Soon Starling was being invited to talk about their campaign on national television and radio, featuring as a guest on shows like BBC Two’s Victoria Derbyshire programme and BBC Woman’s Hour. The coverage led to more people coming out to support the campaign.

“There are so many people who have experienced abuse or have lost family members to domestic homicide, so there was this huge swell of people coming forward who were so pleased to see a change,” says Starling.

“They were so pissed off, frankly, at how this issue [of domestic violence] is often reported.
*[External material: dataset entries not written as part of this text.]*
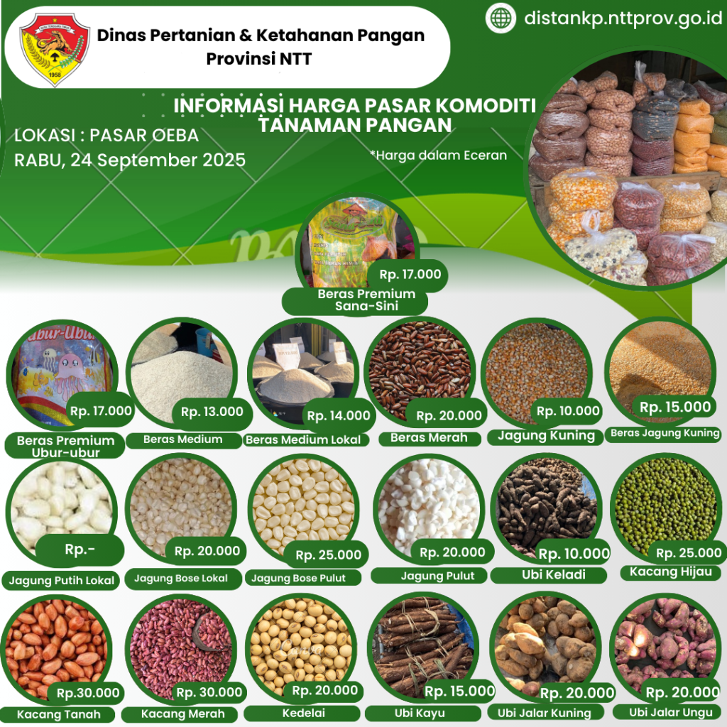 24 September 2025 Informasi Harga Komoditi Tanaman Pangan di Pasar Oeba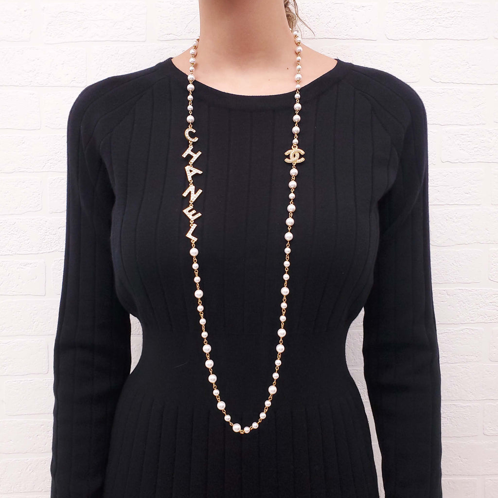 CHANEL LONG PEARL NECKLACE WITH CRYSTAL LETTERS AND LOGO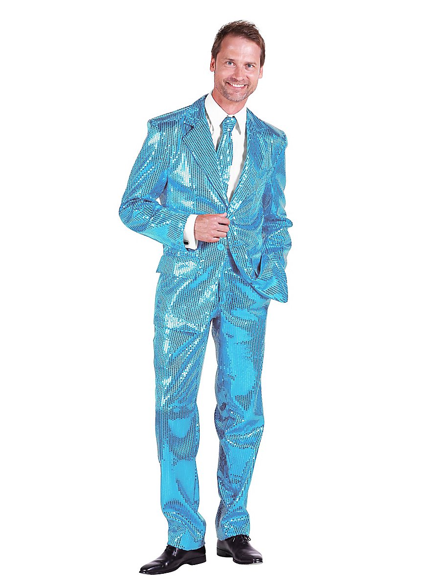 Dette festjakkesæt til herrer, der er fuldstændig besat med turkisfarvede pailletter, er et modeudbrud og forvandler dig til en levende diskokugle!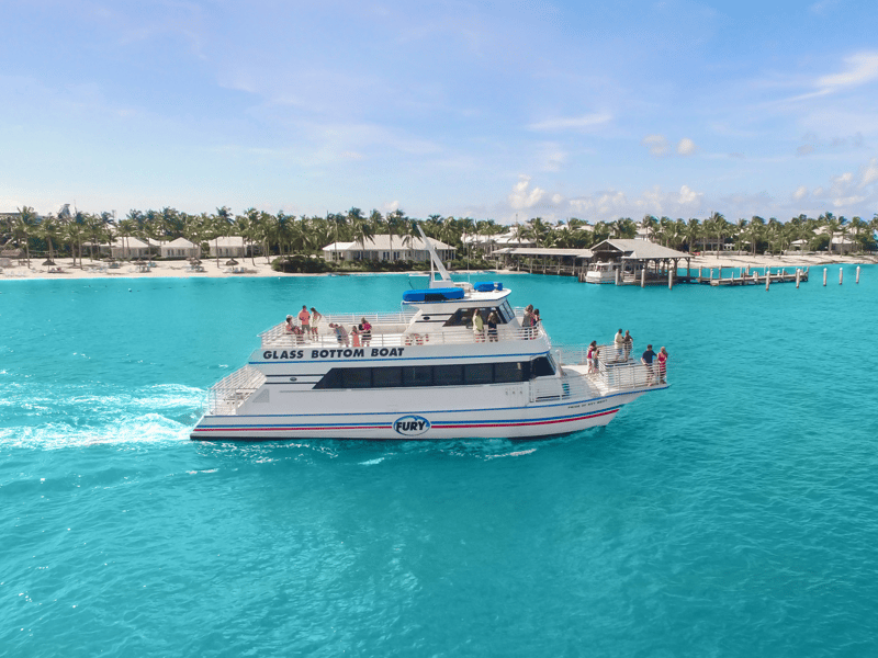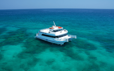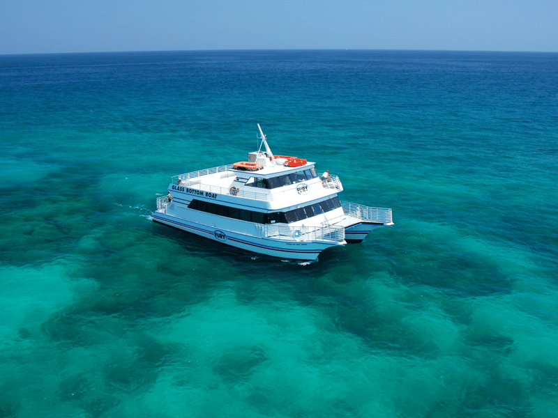 See coral reef life through glass viewing windows from an air-conditioned catamaran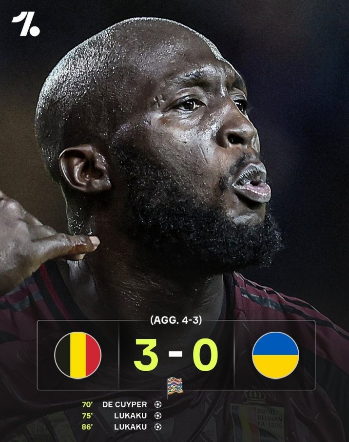 2025-03-24 18:05:32歐國聯升級賽次回合比利時3-0擊敗烏克蘭,盧卡庫梅開二度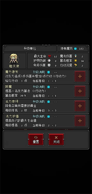 定位:辅助推进、夺岛看过评价后,我对暗天使的看法有了一些改变。先说生命方面,2点生命实则无关紧要,毕竟在这款游戏里,抵挡才堪称神器。至于增加暴击率,实际作用并非特别显著,对我而言,概率这东西完全看运气,所以我向来不建议考虑冲锋。也就只有蝙蝠,凭借6点行动力,有足够的条件去赌眩晕效果。这里情况一样,加暴击率的基本无需考虑,除非行动力多得用不完。接着说辅助推进,简而言之,就是借助暗天使的技能,加快部队奔赴前线的速度,防止因后援不及时致使前线溃败。不过,这个办法比较费钱,好在一次投入能获得长期收益。

Many people who have gone through these experiences are often despairing at the press coverage of it."

Despite the positive reaction and the resounding success of getting press regulators on board with their guidelines, Starling says that changing attitudes in society is slow work. However she feels positive that we are living through a politically active time and wants to see more people “embedding activism and community into their lives.”

“We’re living through a political moment where people are more responsive to conversations about gender-based violence,” Starling adds. 

“There’s a better sense of it being a systemic thing, as opposed to the ‘lone wolf’ characterisation that’s really unhelpful. Change takes a long time and attitude change is what we need.”

Starling’s advice to others is that if you see a problem in society, feel confident that it’s likely others can see it too. She says it’s vital to connect to other people and work together, rather than alone. “There is that old proverb, ‘if you want to go fast, go alone, if you want to go far, go together’. It's a sentiment that is so important for systemic change,” she says.

“Listen to your gut and hold on that energy because that angry energy and sense of injustice is so powerful as long as you translate it into action,” Starling continued. “Do research on the issues you care about, think about who you can get involved with, and if there isn’t anyone working on it, start it yourselves.”

If you have been affected by the issues in this article, help is available. The UK’s freephone 24-hour National Domestic Abuse helpline is 0808 2000 247.